Her first appearance on the metropolitan stage was all that was needed to prove her worth. At once she caught the public fancy. Soon she found herself the most popular actress in England.

An air of mingled sadness and gayety in her stage work, an audacity and fresh youthfulness—and the mystic charm—carried her straight to the front. At this period she touched nothing but comedy—at which she had no peer—and preferably played male roles. Masculine attire set forth her stunning figure, and she played devil-may-care, boyish parts as could no other woman.

One night, after the first act of "The Constant Couple," wherein, clad in small-clothes and hose, she was playing Sir Harry Wildair, Peg ran laughing and triumphant into the greenroom. There she chanced to find her bitterest friend and rival, Mistress Kitty Clive, a clever but somewhat homely actress. Said Peg in delight:

"They applauded me to the echoes! Faith, I believe half the men in the house thought I was really a boy."

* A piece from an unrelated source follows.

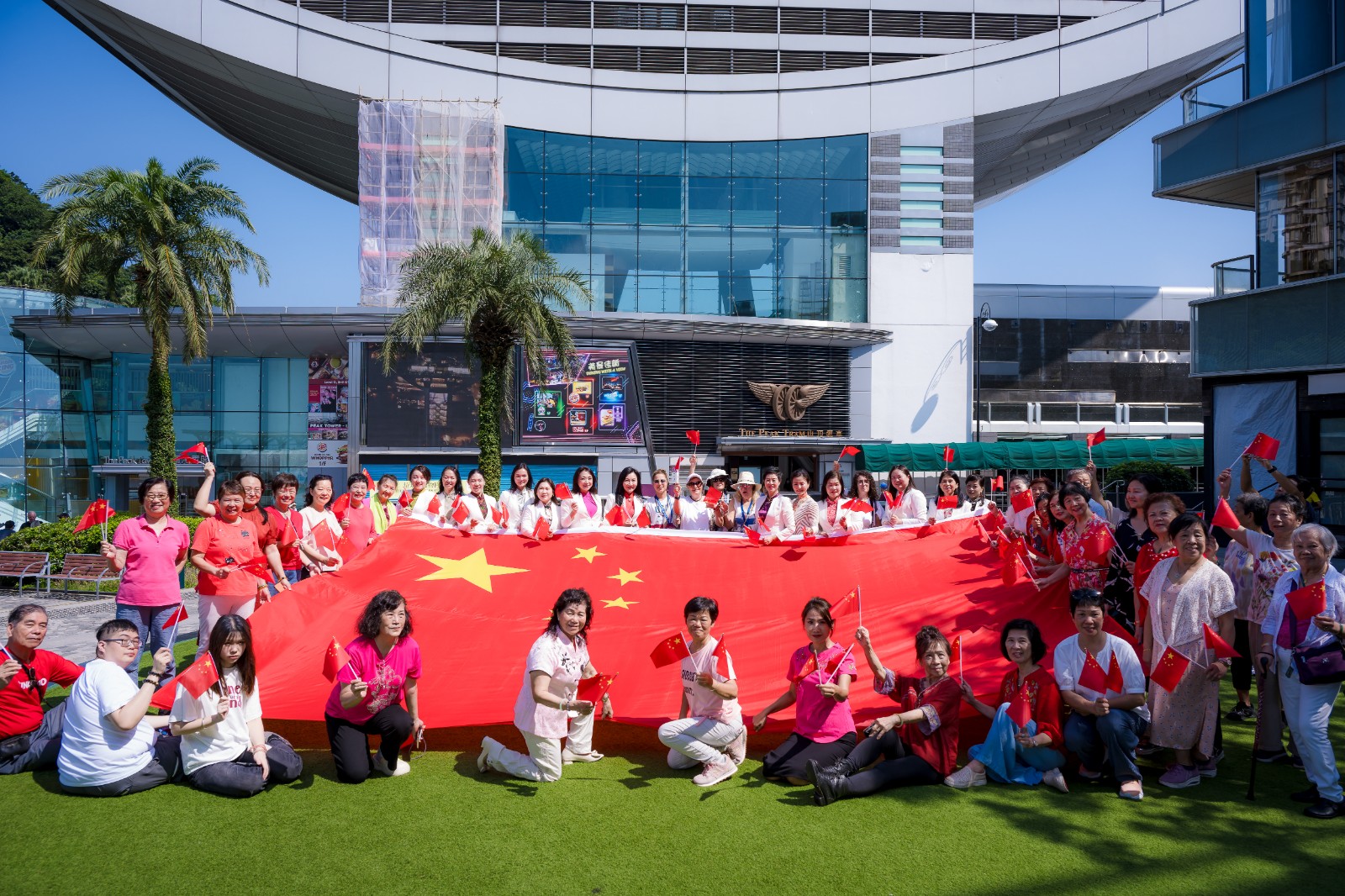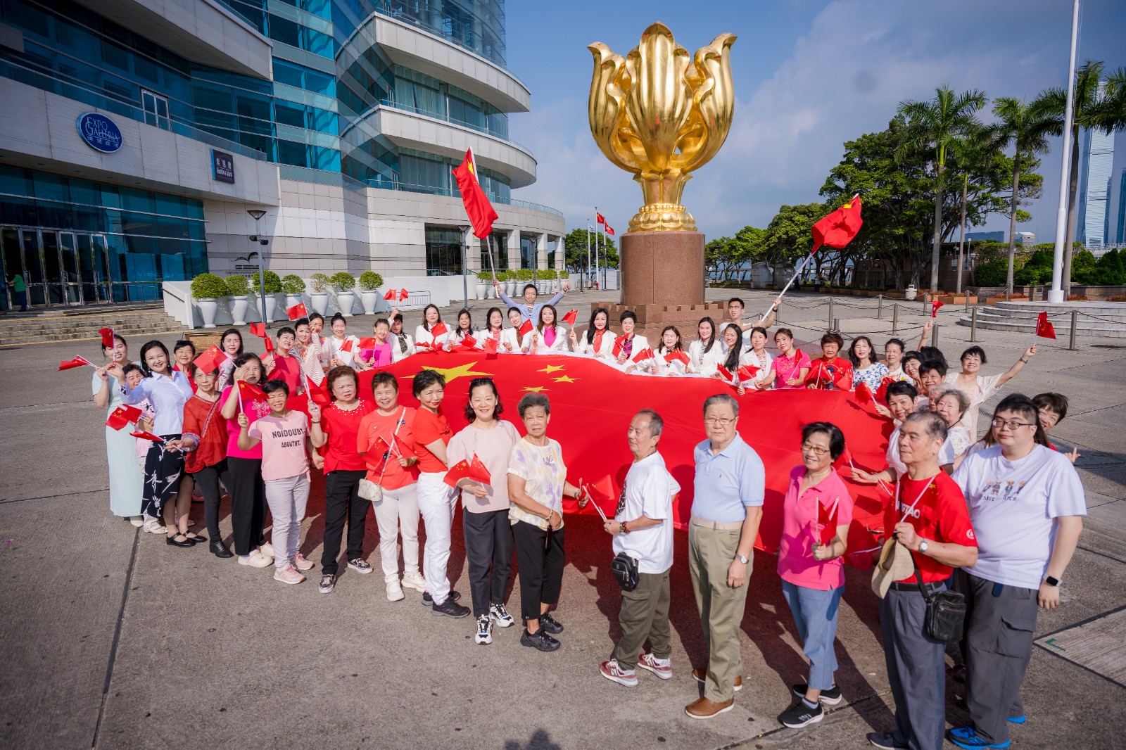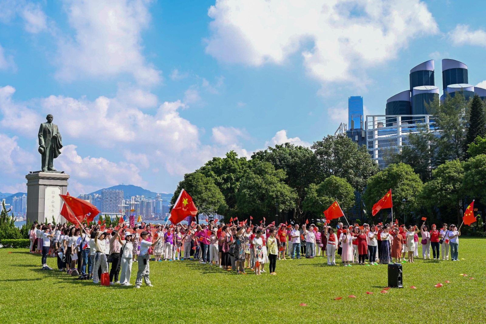 為慶祝中華人民共和國成立75周年,香港島婦女聯會與中西區(qū)民政事務處、香港島各界聯合會婦女事務委員會聯合啓動「龍的傳人- 國旗快閃耀香江」系列活動。主辦方邀數百名市民,穿著旗袍、華服或配合國慶元素的服裝在山頂廣場、金紫荊廣場、中山紀念公園等不同港島地標景點,拍照留念,高唱愛國歌曲,並揮動大型國旗橫幅,以快閃方式,同歡唱、共慶賀,表達對國家的認同、中華兒女的家國情懷和對祖國的祝福。

"Perhaps," sneered envious Kitty. "But it is certain that at least half of them knew you weren't."

Peg stopped short in her gay laugh and eyed Kitty's plain visage quizzically.

"Mistress Clive," observed Peg, in irrelevant reflection, "did you ever stop to consider how much utterly useless modesty an ugly woman is responsible for unloading upon this poor world of ours?"

Kitty did not again cross swords with Peg. Indeed, after the first encounter, few people did.